Exercise objective —
When you transcribe the listing that follows, keep every line exact and omit the pictures.

The data —
# # #

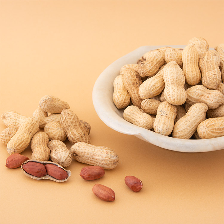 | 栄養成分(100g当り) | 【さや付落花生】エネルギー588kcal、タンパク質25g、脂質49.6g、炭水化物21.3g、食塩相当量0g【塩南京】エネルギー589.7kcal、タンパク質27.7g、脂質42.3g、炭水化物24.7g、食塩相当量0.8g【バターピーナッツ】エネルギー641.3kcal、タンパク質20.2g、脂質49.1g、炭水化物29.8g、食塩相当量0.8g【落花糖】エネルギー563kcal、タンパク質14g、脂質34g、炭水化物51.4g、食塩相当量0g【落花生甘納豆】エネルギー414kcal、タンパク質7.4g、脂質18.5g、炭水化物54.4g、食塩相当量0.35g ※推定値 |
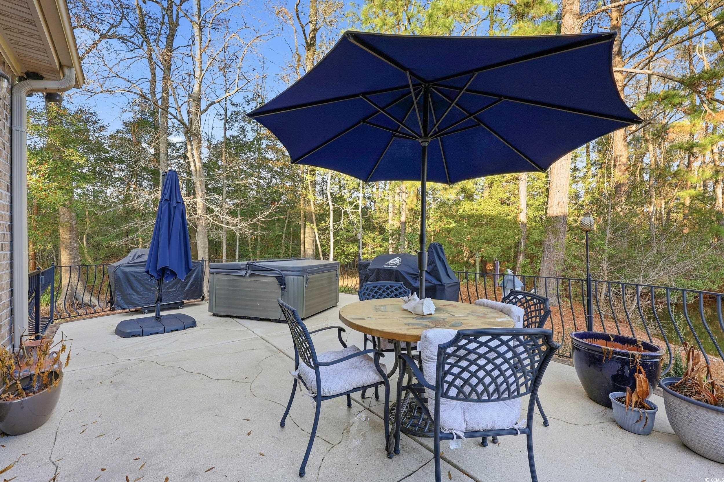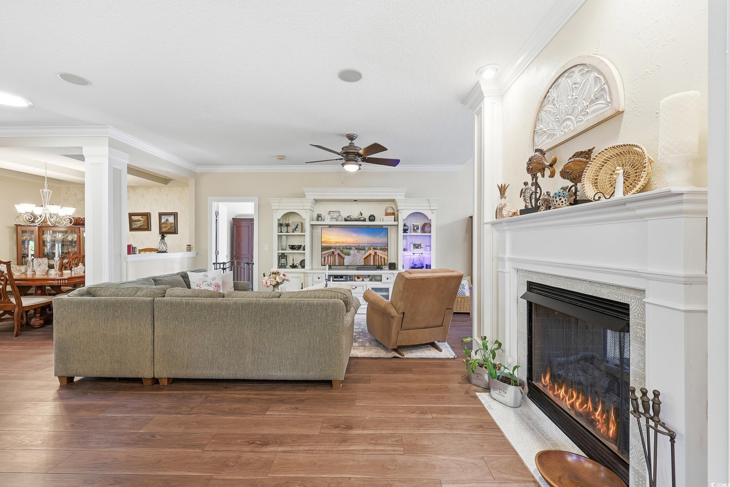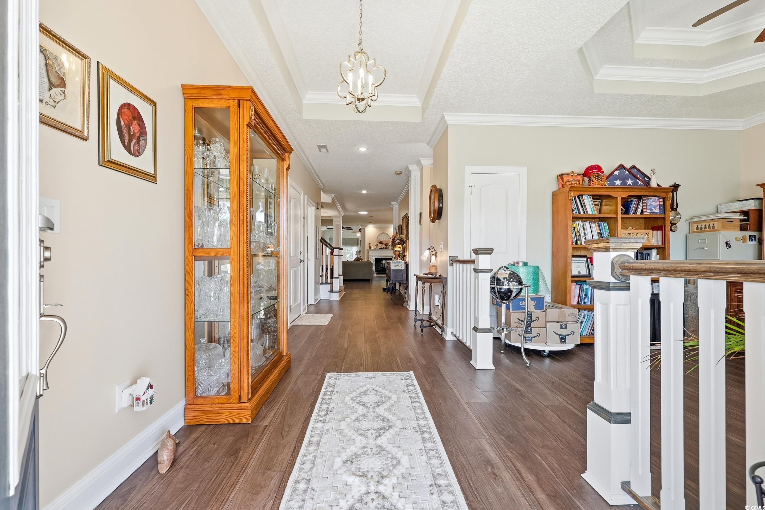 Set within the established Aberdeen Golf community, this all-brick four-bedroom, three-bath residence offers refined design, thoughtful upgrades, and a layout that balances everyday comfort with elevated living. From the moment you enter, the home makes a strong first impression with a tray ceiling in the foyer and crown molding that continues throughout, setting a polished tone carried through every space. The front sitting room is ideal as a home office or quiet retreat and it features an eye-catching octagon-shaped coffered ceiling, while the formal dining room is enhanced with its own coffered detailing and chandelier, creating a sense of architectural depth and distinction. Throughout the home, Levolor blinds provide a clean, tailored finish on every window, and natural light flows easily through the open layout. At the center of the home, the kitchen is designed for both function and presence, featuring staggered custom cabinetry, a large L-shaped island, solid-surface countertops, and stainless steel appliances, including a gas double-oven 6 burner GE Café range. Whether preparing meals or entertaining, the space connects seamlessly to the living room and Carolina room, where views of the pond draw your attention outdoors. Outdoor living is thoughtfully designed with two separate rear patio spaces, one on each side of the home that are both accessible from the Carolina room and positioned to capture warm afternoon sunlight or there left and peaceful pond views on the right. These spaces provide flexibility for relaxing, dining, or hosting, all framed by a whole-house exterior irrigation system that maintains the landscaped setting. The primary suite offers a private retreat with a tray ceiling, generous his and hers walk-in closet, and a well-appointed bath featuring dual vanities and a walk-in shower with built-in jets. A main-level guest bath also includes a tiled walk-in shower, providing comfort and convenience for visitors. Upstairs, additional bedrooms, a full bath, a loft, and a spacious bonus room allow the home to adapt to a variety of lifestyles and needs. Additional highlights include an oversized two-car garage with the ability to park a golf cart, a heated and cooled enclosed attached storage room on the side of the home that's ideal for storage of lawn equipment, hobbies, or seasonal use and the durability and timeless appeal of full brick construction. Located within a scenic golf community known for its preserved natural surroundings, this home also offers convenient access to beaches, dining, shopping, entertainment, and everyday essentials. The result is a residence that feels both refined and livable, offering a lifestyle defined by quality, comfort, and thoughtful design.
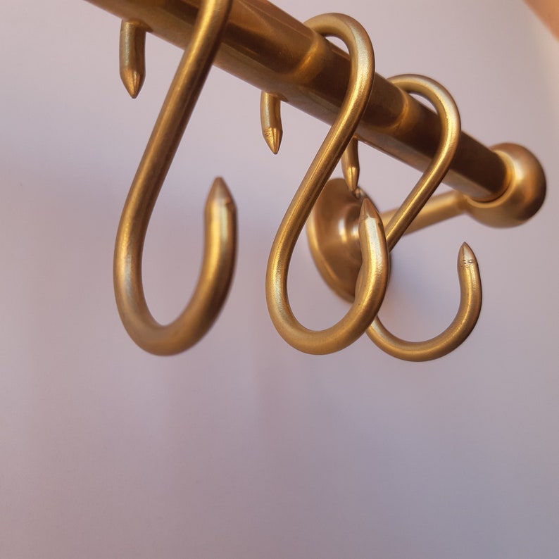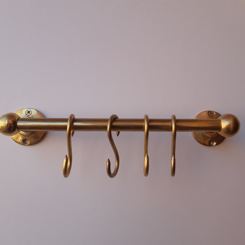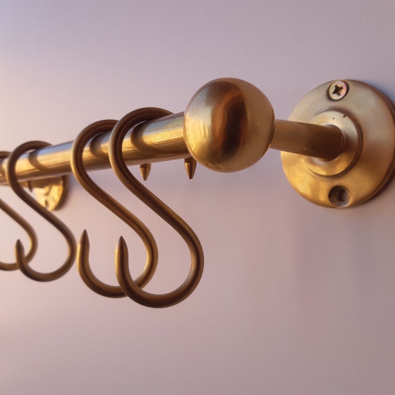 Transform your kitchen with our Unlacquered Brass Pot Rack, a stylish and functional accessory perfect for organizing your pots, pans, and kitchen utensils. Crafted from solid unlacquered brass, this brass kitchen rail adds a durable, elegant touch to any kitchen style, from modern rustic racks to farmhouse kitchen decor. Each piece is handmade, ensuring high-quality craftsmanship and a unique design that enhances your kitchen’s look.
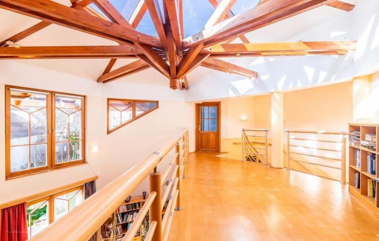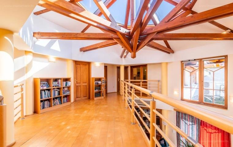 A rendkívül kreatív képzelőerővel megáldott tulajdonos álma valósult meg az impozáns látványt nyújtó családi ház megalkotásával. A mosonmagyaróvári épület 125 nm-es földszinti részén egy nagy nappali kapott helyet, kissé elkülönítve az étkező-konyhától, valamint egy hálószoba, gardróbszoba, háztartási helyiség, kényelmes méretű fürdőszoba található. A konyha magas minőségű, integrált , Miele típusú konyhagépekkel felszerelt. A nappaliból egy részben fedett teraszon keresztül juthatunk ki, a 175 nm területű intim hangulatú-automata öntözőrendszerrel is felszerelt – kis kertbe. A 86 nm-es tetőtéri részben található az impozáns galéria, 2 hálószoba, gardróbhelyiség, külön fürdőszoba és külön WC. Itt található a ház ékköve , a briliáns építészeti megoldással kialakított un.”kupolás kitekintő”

# # #

Response to this task —
 | 栄養成分(100g当り) | 【さや付落花生】エネルギー588kcal、タンパク質25g、脂質49.6g、炭水化物21.3g、食塩相当量0g【塩南京】エネルギー589.7kcal、タンパク質27.7g、脂質42.3g、炭水化物24.7g、食塩相当量0.8g【バターピーナッツ】エネルギー641.3kcal、タンパク質20.2g、脂質49.1g、炭水化物29.8g、食塩相当量0.8g【落花糖】エネルギー563kcal、タンパク質14g、脂質34g、炭水化物51.4g、食塩相当量0g【落花生甘納豆】エネルギー414kcal、タンパク質7.4g、脂質18.5g、炭水化物54.4g、食塩相当量0.35g ※推定値 |
 Set within the established Aberdeen Golf community, this all-brick four-bedroom, three-bath residence offers refined design, thoughtful upgrades, and a layout that balances everyday comfort with elevated living. From the moment you enter, the home makes a strong first impression with a tray ceiling in the foyer and crown molding that continues throughout, setting a polished tone carried through every space. The front sitting room is ideal as a home office or quiet retreat and it features an eye-catching octagon-shaped coffered ceiling, while the formal dining room is enhanced with its own coffered detailing and chandelier, creating a sense of architectural depth and distinction. Throughout the home, Levolor blinds provide a clean, tailored finish on every window, and natural light flows easily through the open layout. At the center of the home, the kitchen is designed for both function and presence, featuring staggered custom cabinetry, a large L-shaped island, solid-surface countertops, and stainless steel appliances, including a gas double-oven 6 burner GE Café range. Whether preparing meals or entertaining, the space connects seamlessly to the living room and Carolina room, where views of the pond draw your attention outdoors. Outdoor living is thoughtfully designed with two separate rear patio spaces, one on each side of the home that are both accessible from the Carolina room and positioned to capture warm afternoon sunlight or there left and peaceful pond views on the right. These spaces provide flexibility for relaxing, dining, or hosting, all framed by a whole-house exterior irrigation system that maintains the landscaped setting. The primary suite offers a private retreat with a tray ceiling, generous his and hers walk-in closet, and a well-appointed bath featuring dual vanities and a walk-in shower with built-in jets. A main-level guest bath also includes a tiled walk-in shower, providing comfort and convenience for visitors. Upstairs, additional bedrooms, a full bath, a loft, and a spacious bonus room allow the home to adapt to a variety of lifestyles and needs. Additional highlights include an oversized two-car garage with the ability to park a golf cart, a heated and cooled enclosed attached storage room on the side of the home that's ideal for storage of lawn equipment, hobbies, or seasonal use and the durability and timeless appeal of full brick construction. Located within a scenic golf community known for its preserved natural surroundings, this home also offers convenient access to beaches, dining, shopping, entertainment, and everyday essentials. The result is a residence that feels both refined and livable, offering a lifestyle defined by quality, comfort, and thoughtful design.
 Transform your kitchen with our Unlacquered Brass Pot Rack, a stylish and functional accessory perfect for organizing your pots, pans, and kitchen utensils. Crafted from solid unlacquered brass, this brass kitchen rail adds a durable, elegant touch to any kitchen style, from modern rustic racks to farmhouse kitchen decor. Each piece is handmade, ensuring high-quality craftsmanship and a unique design that enhances your kitchen’s look.
 A rendkívül kreatív képzelőerővel megáldott tulajdonos álma valósult meg az impozáns látványt nyújtó családi ház megalkotásával. A mosonmagyaróvári épület 125 nm-es földszinti részén egy nagy nappali kapott helyet, kissé elkülönítve az étkező-konyhától, valamint egy hálószoba, gardróbszoba, háztartási helyiség, kényelmes méretű fürdőszoba található. A konyha magas minőségű, integrált , Miele típusú konyhagépekkel felszerelt. A nappaliból egy részben fedett teraszon keresztül juthatunk ki, a 175 nm területű intim hangulatú-automata öntözőrendszerrel is felszerelt – kis kertbe. A 86 nm-es tetőtéri részben található az impozáns galéria, 2 hálószoba, gardróbhelyiség, külön fürdőszoba és külön WC. Itt található a ház ékköve , a briliáns építészeti megoldással kialakított un.”kupolás kitekintő”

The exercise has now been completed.